Nevertheless, upon implementation of some punishment mechanism, we could drastically increase the threshold for the percent chance of controlling a quorum in our determination of Dash Platform Tenderdash’s Nakamoto Coefficient. For example, even if an attacker obtains enough nodes to have a 5% chance of gaining ⅓ control of any given quorum, which would allow them to halt the chain approximately once every two days, after halting the chain once, 34 of their nodes could be slashed, therefore taken offline, and their percent chance of gaining ⅓ control of a quorum would be reduced from 5% per selection to 0.007%. It would also result in a loss of at least 17,000 Dash if we slash 500 Dash per node, which is $425,000 at the current Dash price of $25. Again, this is just a rough idea of what could be done.
Conclusion
It’s important to remember that the likelihood of an entity even getting the opportunity to commit an attack, as described in this article, is very low in the first place, as it would require significant financial investment to gain enough evonodes.
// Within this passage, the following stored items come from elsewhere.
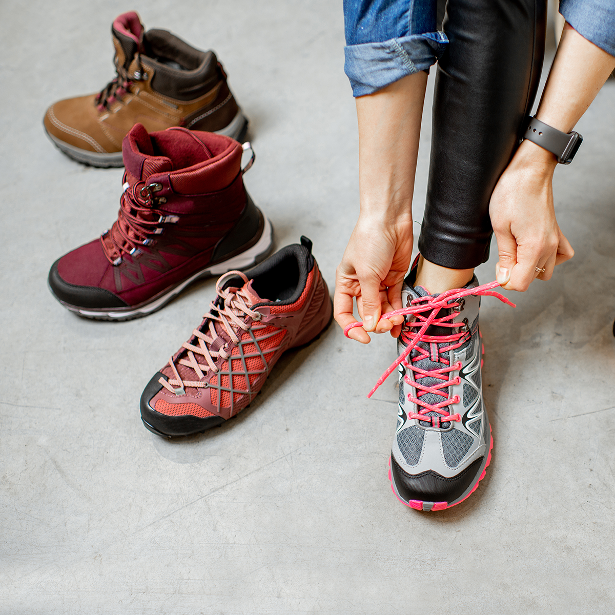 - Sportschuhe oder niedrige Wanderschuhe werden am besten mit einer Socke in der Höhe "quarter (knöchelhoch)" kombiniert.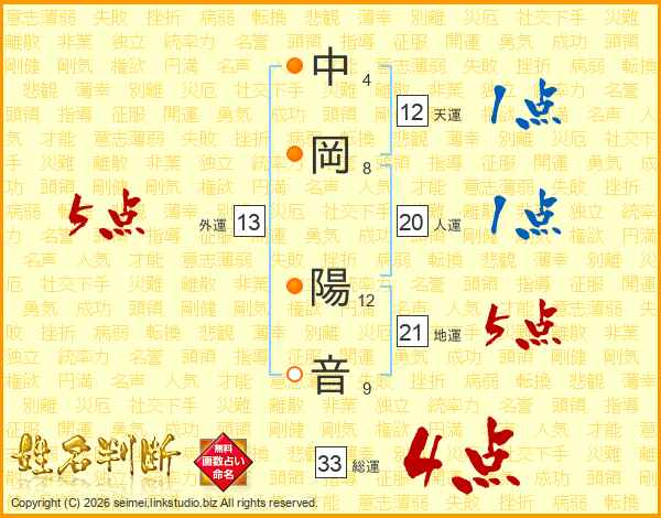 中岡陽音さんの総運は33画の4点!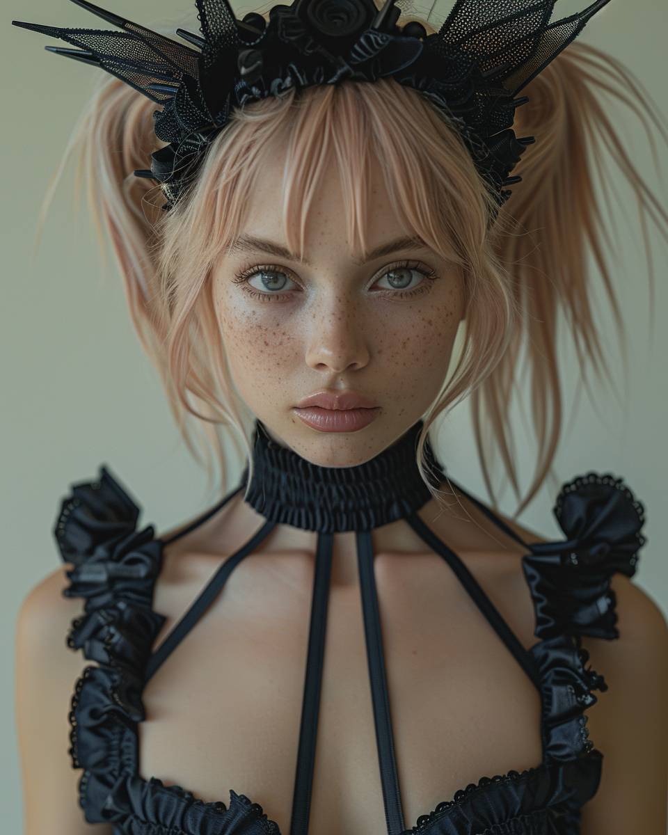 专业的工作室肖像照片,展示了一位美丽的女孩穿着受尖刺启发的橡胶服装,背景对比鲜明,极简像素时尚设计,时尚杂志编辑,Vogue,Hasselblad X2D 100C,8k,超现实的皮肤纹理,超现实的眼睛。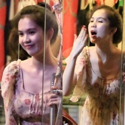 Cuối tuần qua, vô t́nh bắt gặp Ngọc Trinh tại một cửa hàng thời trang trên đường Nguyễn Văn Cừ, chúng tôi dự định sẽ "bám đuôi" người đẹp đi mua sắm. Nhưng điều bất ngờ là "Nữ hoàng nội y" không phải đến mua hàng, mà là... phụ bán hàng cho người chị là chủ shop. Ngọc Trinh bán hàng rất chuyên nghiệp, chu đáo với khách. Thậm chí, cô c̣n ra mở cửa chào khi khách ra về và "hôn gió" khách hàng thân thiết của shop chị ḿnh.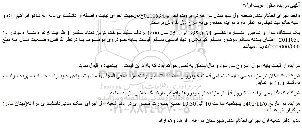 مزایده در تاریخ 1401/11/6 پنجشنبه ساعت 10 الی 10:30 صبح بصورت حضوری در دفترشعبه اول اجرای احکام مدنی دادگستری مراغه(میدان مادر) برگزار خواهد شد.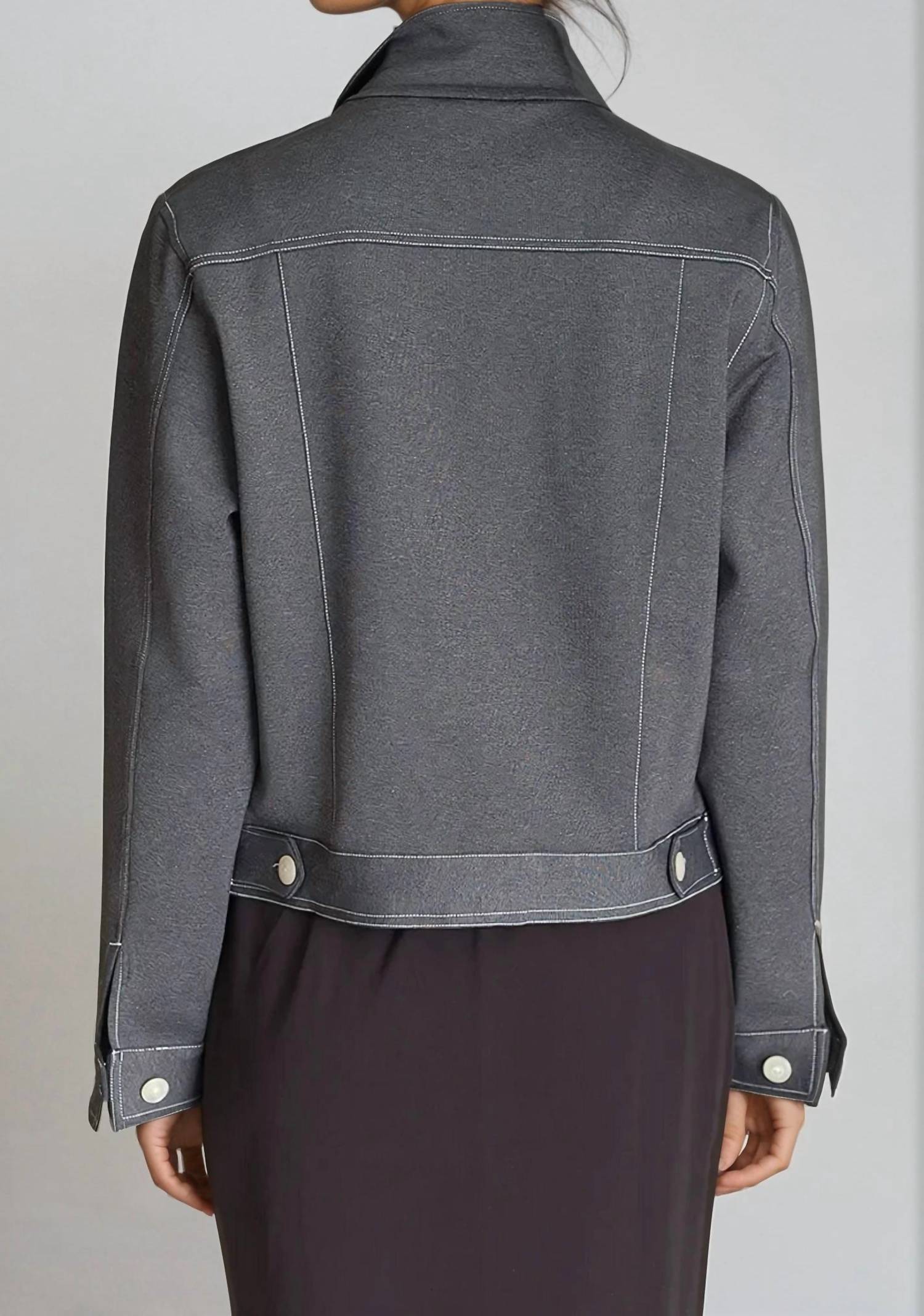 Classic, cool and works with almost any outfit choice. Introducing the Neo-tech Jacket by Buki, crafted for the modern traveler in a sleek charcoal grey. This long sleeve jacket is made from a unique Buki Neo-Tech denim that offers unparalleled four-way stretch and recovery, ensuring comfort and wrinkle resistance for all-day wear. It features a stylish textured pattern with a practical button closure and two inside pockets for your essentials. Care: Machine wash.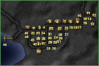 Skills: Dark Magic22 Master Dark Magic, Lev 7, 5000 Gold 23 The Bood Bank - Bank 24 Well - ? 25 Quest: Return Puzzle Box 26 Master Perception, Lev 7, 2500 Gold 27 Buy Pirate Amulets - Sell Heartwood of Jadame 28 Buy Silver Dust of The Sea - Sell Ground Wyvern Horn 29 Infaustus - NPC Vampire Lev 30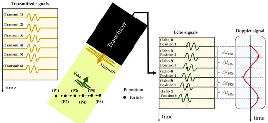 The Doppler pulse repetition technique is used to extract the Doppler signal from the echo signal, to estimate the Doppler frequency and calculate fluid velocity, respectively. The Doppler signal can be demodulated from echo signals reflected from a moving particle using ultrasonic emission repetition as shown in Figure 2. Figure 3 shows a block diagram of the UVP system based on the Doppler pulse repetition technique. An ultrasonic pulser/receiver, operated in the pulse-echo mode, emits an ultrasonic pulse through an ultrasonic transducer. The echo signal e(t) is then reflected and sent to the pulser/receiver via the same transducer [23]. It is expressed as: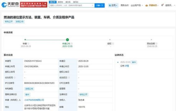 小米汽车近日迎来了一项重大突破。12月11日,天眼查公布了小米汽车科技有限公司申请的最新专利,名为“燃油的液位显示方法、装置、车辆、介质及程序产品”。这项专利的推出,标志着小米在智能汽车领域的技术创新进入新阶段。与此小米的三款新车也相继曝光,显示出其在电动汽车及增程式汽车领域的雄心。
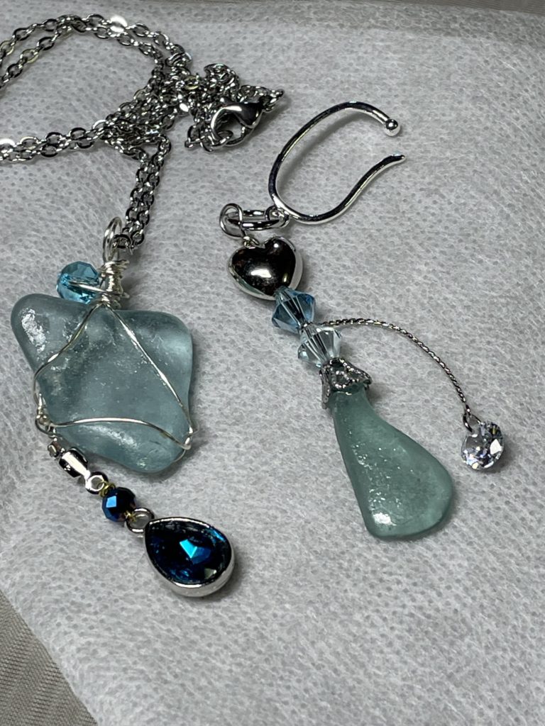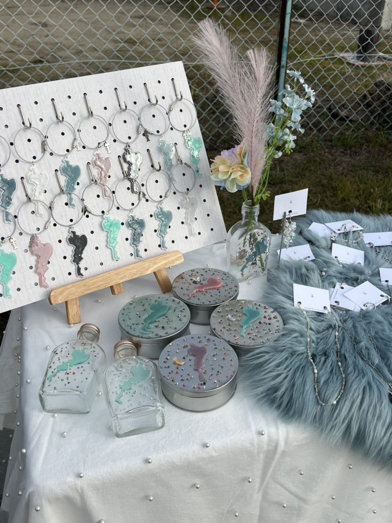 UVレジンの中に琉球ガラスや様々な素材を閉じ込めたアクセサリー、星空をイメージした『星空シリーズ』のアクセサリーを作っております。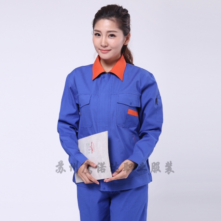 苏州鹰诺服装:湖蓝拼浅灰工作服AC20-2

It’s around $9M for 90 evonodes at the current Dash price of $25. Furthermore, even if some entity does get the opportunity, there are no direct financial incentives to attack. Rather, there is a significant financial disincentive since they have such a large stake in the network, which would likely be at least partially lost due to the price of Dash potentially going down upon a successful attack on the network. There is, therefore, really no need for concern at this time, especially considering the current distribution of power amongst masternode entities, which is sufficiently decentralized. Still, development of a punishment mechanism for misbehaving evonodes, such as some form of slashing, might be a reasonable feature to implement as an extra safeguard sometime in the future.
Anyway, I look forward to revisiting the topic and getting a hard number for the Nakamoto Coefficient of Dash Platform’s Tenderdash in a few months after more evonodes are up and running, hopefully along with Platform and a much higher price of Dash.